La tension est montée crescendo ces dernières semaines dans les quartiers de Dakar et dans plusieurs villes du Sénégal. La tenue du procès d’Ousmane Sonko aura créé plus de peur que de mal. S’agirait-il un procès politique ? Tout porte à croire que Macky veut par tous les moyens, écarter Sonko des prochaines élections présidentielles.
Ce 30 mars, se tenait le procès intenté par le ministre du Tourisme contre le principal opposant au président Macky Sall, Ousmane Sonko. Après trois renvois, le procès a pu enfin se tenir dans une atmosphère tendue dans la capitale sénégalaise encerclée par un impressionnant dispositif sécuritaire. Ousmane Sonko est condamné à deux ans de prison avec sursis et 200 millions de dommages et intérêts. « Les juges ont rendu verdict d’apaisement » selon Me Olivier Sur, avocat de Mame Mbaye Niang.
UN PROCÈS POUR INVALIDER LA CANDIDATURE DE OUSMANE SONKO À LA PRÉSIDENTIELLE DE 2024 ?

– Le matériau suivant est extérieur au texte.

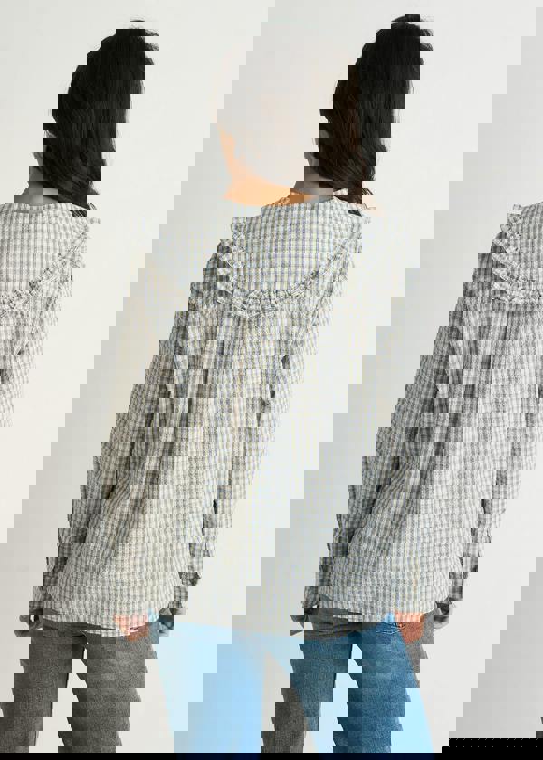 Make a statement with this bold Blue Gingham Shirt, where textured check detailing catches the light with every move. The signature Peter Pan collar adds a daring twist to classic tailoring—sharp enough for standout styling, comfortable enough for all-day wear. Layer it over basics or wear it open for instant edge.

La tension est montée crescendo ces dernières semaines dans les quartiers de Dakar et dans plusieurs villes du Sénégal. Les écoles et universités avaient anticipé les vacances de Pâques, les banques et plusieurs services avaient annoncé leur fermeture pour 36 h, les transports publics suspendus. Pour dire que le 30 mars était redouté par tous les Sénégalais. Le 16 mars, le procès en diffamation intenté par Mame Mbaye Niang, ministre du Tourisme contre Ousmane Sonko, l’un des principaux favoris à la prochaine présidentielle a tourné à la tragédie. Trois morts ont été décomptés suite aux heurts entre forces de l’ordre et les manifestants de l’opposition, avec l’intrusion de gros bras armés supposément payés par des personnalités politiques du pouvoir, appelés « nervis ». L’enjeu était clair. Pour beaucoup d’observateurs, il s’agissait d’un procès politique puisqu’il n’était pas uniquement question de rétablir la dignité d’un citoyen qui se serait senti diffamé. Si Ousmane Sonko était condamné à une certaine peine de prison, il pourrait perdre ses droits civiques et politiques. Ce qui constituait une menace pour la conservation de son poste de maire de Ziguinchor dans le sud du pays, mais plus grave, l’éliminerait de facto de la course à la présidentielle de 2024.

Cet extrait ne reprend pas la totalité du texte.